ID-nits [was Re: suggestions (voting)]
Dean Willis
dean.willis@softarmor.com
25 Nov 2002 13:23:42 -0600
> That is my question: How much time is spent making sure documents
> are 72 columns and contains something called "security considerations"
> as oposed to the other parts of the nits. Also if you had tags for
> abnf, mibs, schema etc etc you wouldn't need a highly paid IESG
> member just to run various syntax checkers.
It would probably save me several hours a month to have some sort of
tool that could just brute-force check things that can be brute-force
checked, like presence of required sections, validating BNF, and
test-compiling MIBs.
Ideally, an author would have available a tool that they could run on
their document to fix the obvious stuff before bothering me with it.

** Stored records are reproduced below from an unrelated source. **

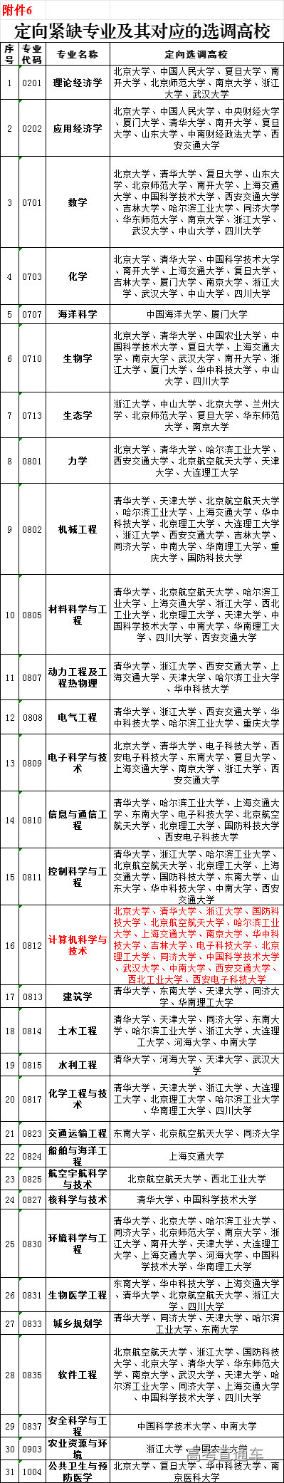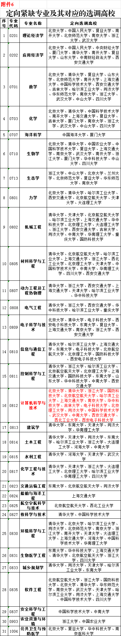 6.定向紧缺专业及其对应的选调高校
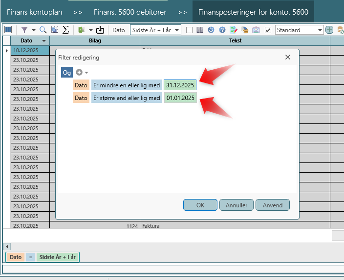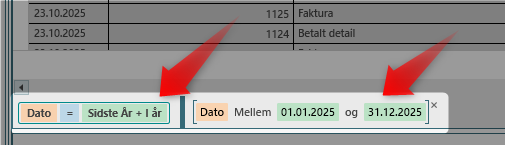 For at filtrer som i gammel klient 01.01.2025..31.12.2025 Skal man gøre følgende:
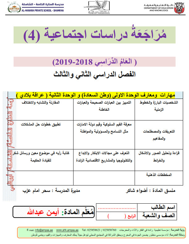 مراجعة الدراسات الاجتماعية للصف الرابع الفصل الدراسي الثاني و الثالث
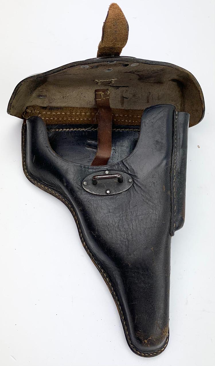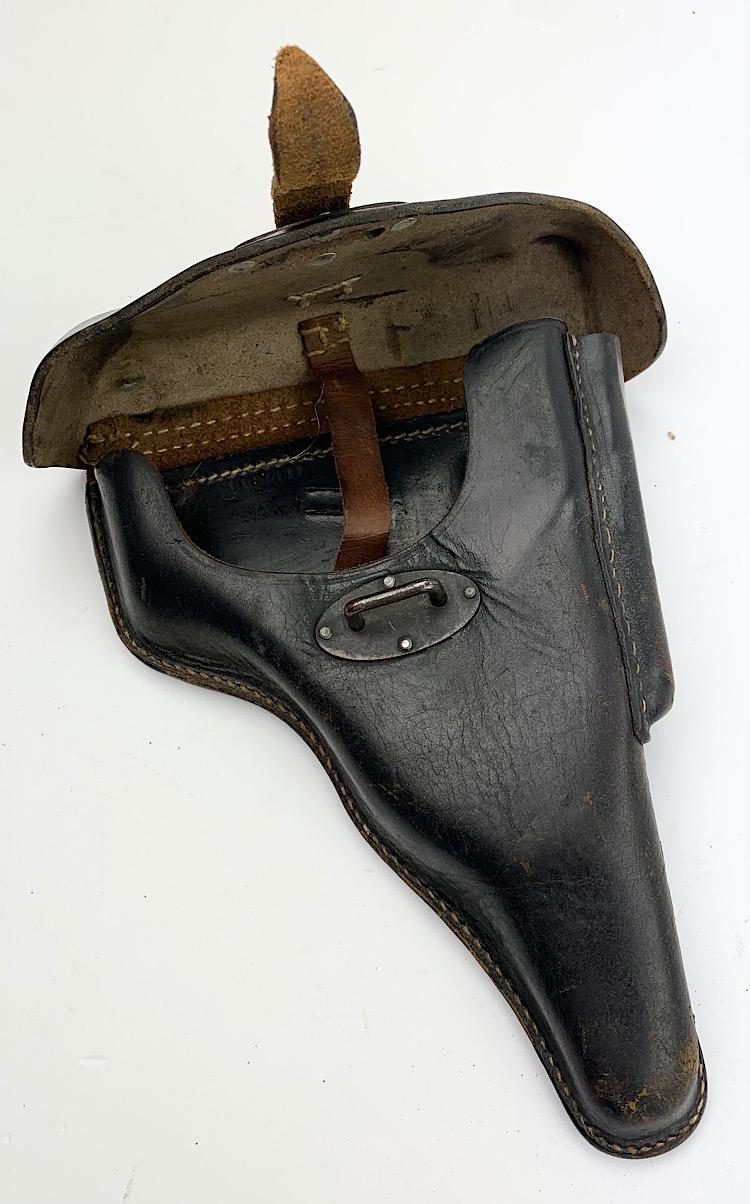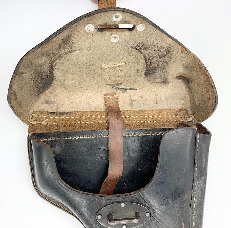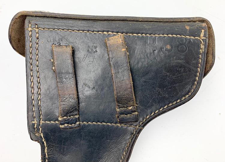 The holster is very nice maker code marked “DKK” and dated “1943” nicely “Waffen Ambt.” Marked and marked “P38” (Pistole 38) Overal a nice P38 pistol holster in used but very good condition.
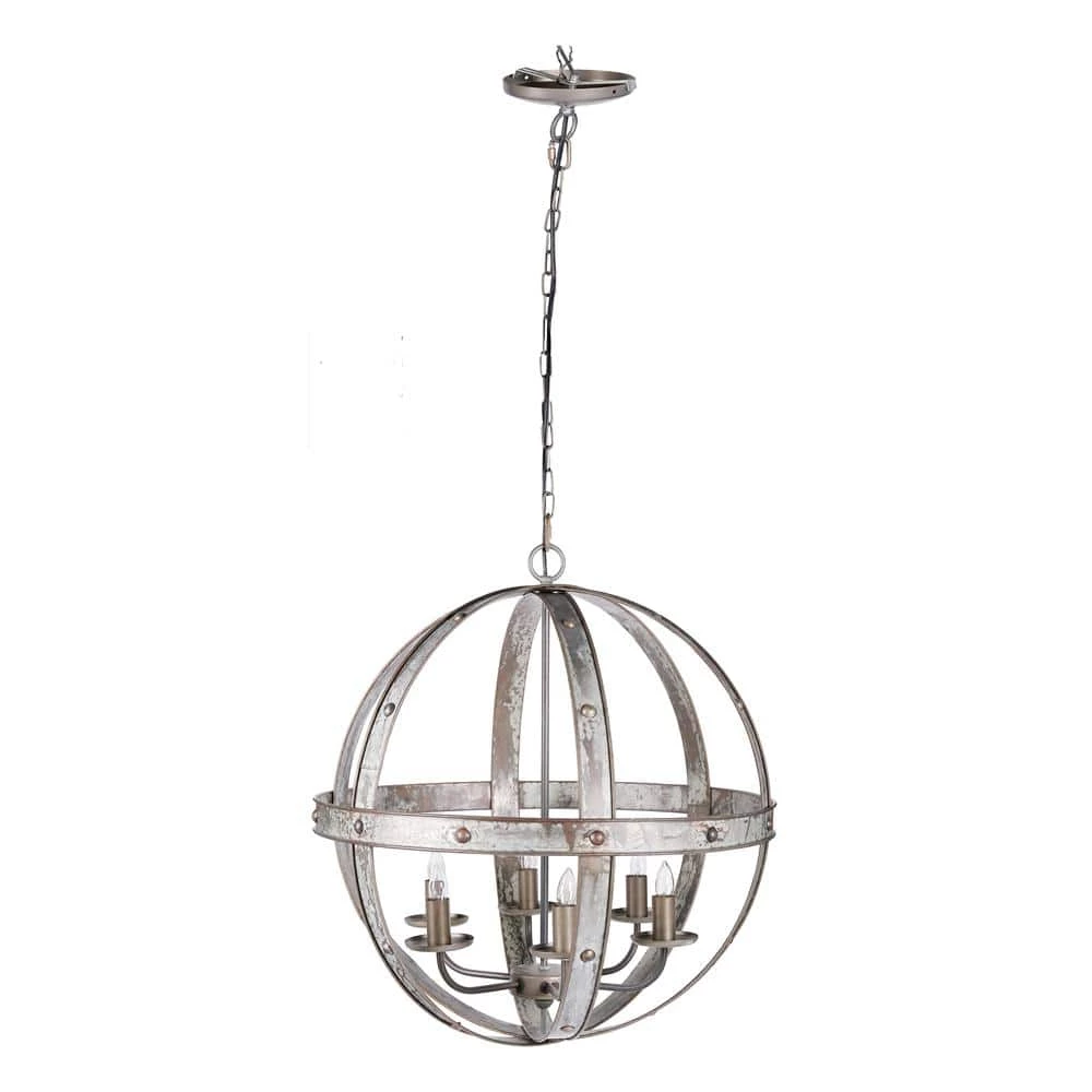 With its antique silver finish, open globe design, and a subtle gleam, the Ordway Iron Sphere Six-Light Chandelier from the Southern Living Collection adds a graceful-yet-industrial style to any space. Hang in a foyer, farmhouse kitchen, or urban loft apartment for a timeless yet robust look. Constructed from iron, the Ordway Chandelier offers a rugged elegance plus long-lasting durability.
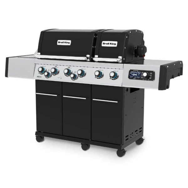 The Regal™ QS 690 Pro IR with iQue™ Technology features two totally independent ovens with a total of 750 sq. in. of cooking space including two stainless steel warming racks, 2 wide solid 9 mm stainless steel cooking grates, 2 narrow solid 9 mm stainless steel cooking grates, stainless steel Flav-R-Wave™ cooking system, 6 stainless steel Dual-Tube™ burners, stainless steel side shelves, an enclosed cabinet base and built-in control knob lights.
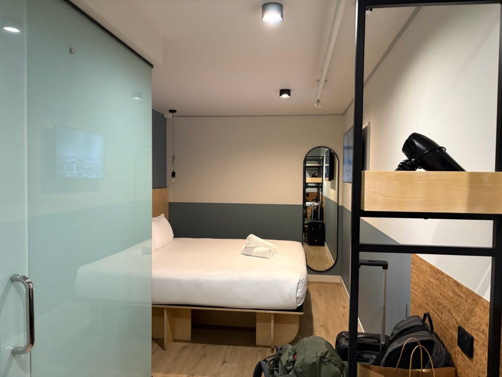 Nachdem ich jetzt gefüttert im Hotel bin, kommt heute wahrscheinlich nicht mehr viel. Die Uhr sagt, heute war Wandertag. Und ich vernichte noch letzte Getränke. Muss alles weg. Nur ein Fenster hat dieses Zimmer leider nicht. Sonst ist es ganz OK.
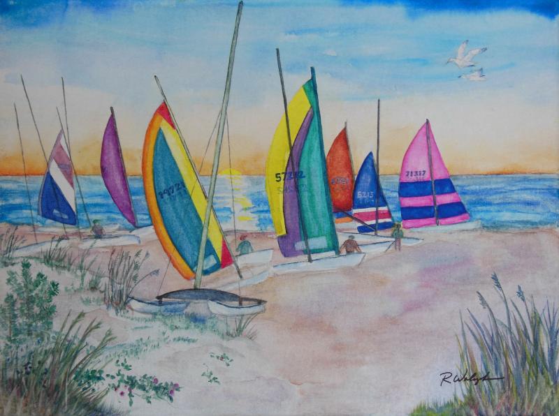 Sailboats on the beach (watercolor on canvas © 2013) - Just happened to see this colorful sight as the sailors prepare their boats for a morning of fun on the water.

Although such a tool couldn't assure that something like a security
requirements section is well-written, it could as least make sure there
is one present, and that of it were obviously short raise a warning flag
like "We noticed your security requirements section is only 100
characters long. Is this adequate for the needs of this document?"

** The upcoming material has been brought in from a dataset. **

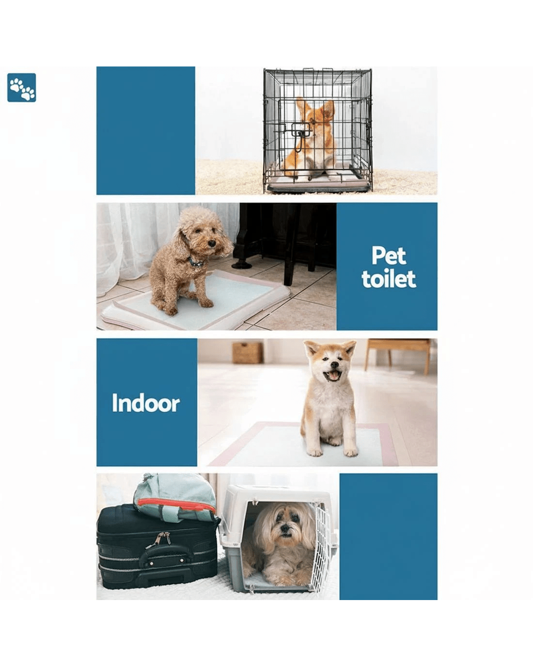Take the hassle out of training your beloved furry friend to potty properly with our i.Pet Pet Training Pads. They are designed to give your pets a visible and consistent spot where they can let out their wastes in a convenient manner. The pads feature five-layer protection that can absorb up to 400ml of liquid, and the leak-proof bottom layer prevents the floor from getting wet or stained. You don't have to worry about the slipping pad as the adhesive tape keeps it secured in place. Not least, the pad is also treated for antibacterial protection and neutralises unpleasant odours that are inevitable from toilet training.
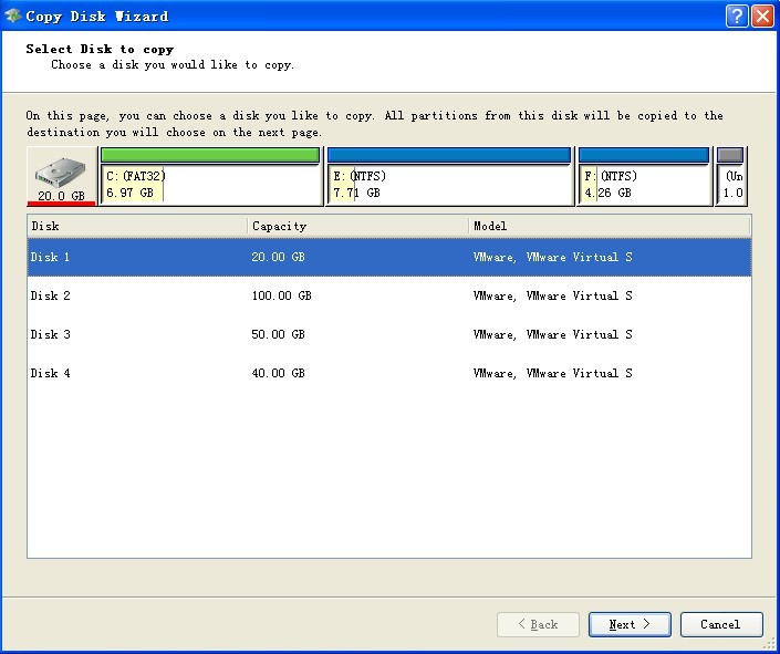 If you want to clone "Disk 4", select "Disk 4" and click "Next".

Once upon a time, I had a side job of providing editorial support to a
large number of graduate students for whom English was not a native
language. Despite their weaknesses, I found the spelling and semantic
checkers in Microsoft Word to be very useful. I reduced my workload on
this task by at least 80% by insisting that the students revise
everything that Word underlined in red or green. This didn't make the
documents "perfect" but it did catch many common problems.